The thing gets instantiated from a UIViewController subclass inside viewDidLoad, thusly:

ImageDownloader *downloader = [[ImageDownloader alloc] init];
[downloader startDownloadWithImageView:self.theImageView
                           andImageURL:[NSURL URLWithString:myUrlString]];

Inside that method in ImageDownloader, I go:

-(void)startDownloadWithImageView:(UIImageView *)imageView
                      andImageURL:(NSURL *)url
{
 self.theImageView = imageView;
 [UIApplication sharedApplication].networkActivityIndicatorVisible = YES;
 self.activeDownload = [NSMutableData data];

 NSURLConnection *conn = [[NSURLConnection alloc]
  initWithRequest:[NSURLRequest requestWithURL:url] delegate:self];
 self.imageConnection = conn;
 [conn release];
}

and my delegate method as a NSURLConnectionDelegate is (in pertinent part):

- (void)connectionDidFinishLoading:(NSURLConnection *)connection
{  
 UIImage *image = [[UIImage alloc] initWithData:self.activeDownload];
 theImageView.image = image;
 [image release];
}

There’s obviously all kinds of error checking it doesn’t do yet, but you get the brilliance of it, right? I can now pass this thing a UIImageView and a NSURL and let it lazy-load the image asynchronously. Sa-weet!

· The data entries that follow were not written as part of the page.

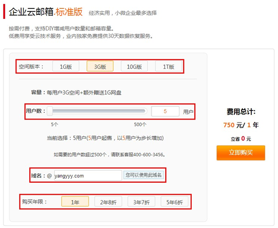 云郵箱在線購買流程: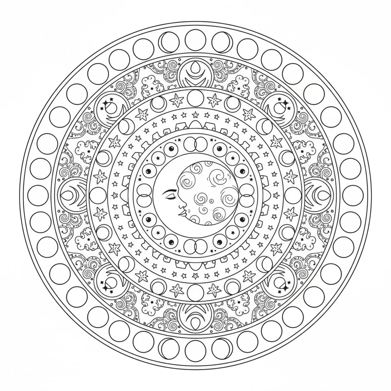 Descubre este hermoso mandala luna para colorear. Un diseño único inspirado en el tema luna, perfecto para reducir el estrés y estimular la creatividad.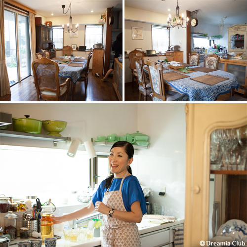 瀟洒な玄関を入りレッスンが行われるキッチン・ダイニングにお邪魔すると、広がっていたのは、アンティークな趣がある素敵なインテリアが配置された広々とした空間。壁一面の窓からは、風に揺れる庭のグリーンを眺めることができ、心がふわっと癒されます。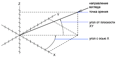 Направление взгляда можно задать либо координатами точки обзора, либо двумя углами относительно координатных осей и плоскостей.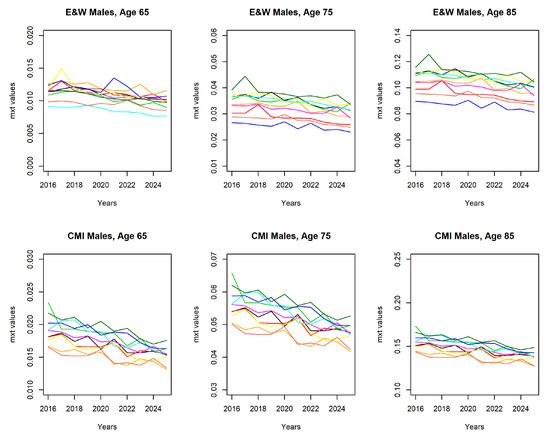 - We generate future mortality rate samples for all x and future t with the incorporation of the parameters obtained in Step (2) and the simulated values that we gained in Step (3) into and . As a result, our set of future mortality rates will form one random future scenario.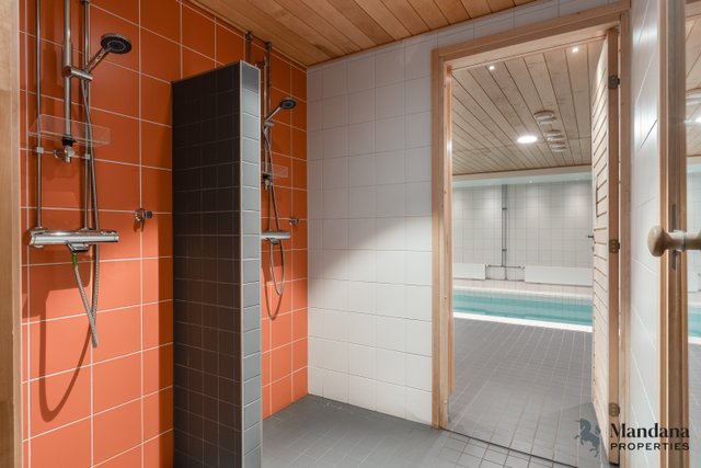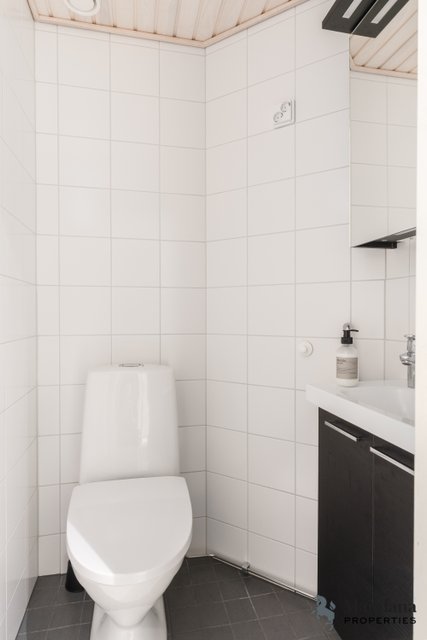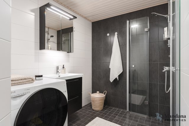 - Suihku, suihkuseinä, pesukoneliitäntä, lattialämmitys (Mukavuuslattialämmitys), peilikaappi, pesuallas, ja allaskaappi

So here’s the question… How do I release downloader? I don’t think I can autorelease from the ViewController where I create it, because I wouldn’t expect NSURLConnection to call its delegate by the end of the run loop. Can I release self at the end of connectionDidFinishLoading? I’ve never seen that done, feels a little weird to release myself inside a method of myself.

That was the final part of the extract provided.